# Will this work in an African Cichlid Tank?



## Reis (Nov 15, 2011)

Hey guys just wondering, I recently acquired a "borneo sucker" or "Hillstream loach" as its called, and I wanted to know if anyone has had any experience or knowledge of how well it does in a African Cichlid tank. Due to the PH being higher and the water temperature higher. I'm just not sure if it will survive. Please help. Thanks


----------



## adrenaline (Jan 17, 2011)

you might want to tell people your water parameters.

I've had lots of different plecos and loaches with cichlids. and unlike when i first started off with them i'm no longer concerned with my ph being up high. My hardness is still up, dude to aragonite substrate, but my ph is usually around 7.3-7.4 I use regular tap water for them. I've had currently i have bristle nose pleacos, syno cats, and clown loaches mixed with them and have no issue. But my paramaters are different than yours i'm assuming.

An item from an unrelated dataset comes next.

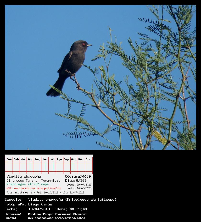 [arg74069] - Viudita chaqueña - Cinereous Tyrant - (Knipolegus striaticeps)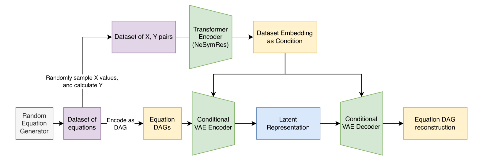 In this work, we introduce Graph-Eq, a conditional VAE-based deep graph generative model for learning representations of mathematical equations. Graph-Eq is trained on a large number of randomly generated equations in a completely unsupervised manner to learn a rich latent representation. Once trained, the latent space learnt by Graph-Eq can be explored using black-box optimization techniques to discover equations that best fit tabular datasets. The architecture of Graph-Eq is illustrated in Figure 1.

My fish are happy and thriving, so they are doing alright  I stick to my theory of it it aint broke, don't fix it lol


----------



## Reis (Nov 15, 2011)

78-80 degrees F
7.7-7.9 PH 
Lots of Caves and places to hide
What else do you need to know. Sorry I'm new to this


----------



## BillD (Jun 5, 2006)

Typically, hillstream loaches come from cool mountain streams with fast water which means high oxygen levels in the water. They may survive in your tank but won't thrive. There should be some threads on here about a river tank that will give you an ideas of the proper environment for them. I doubt that pH would be an issue but the low current low oxygen might.


----------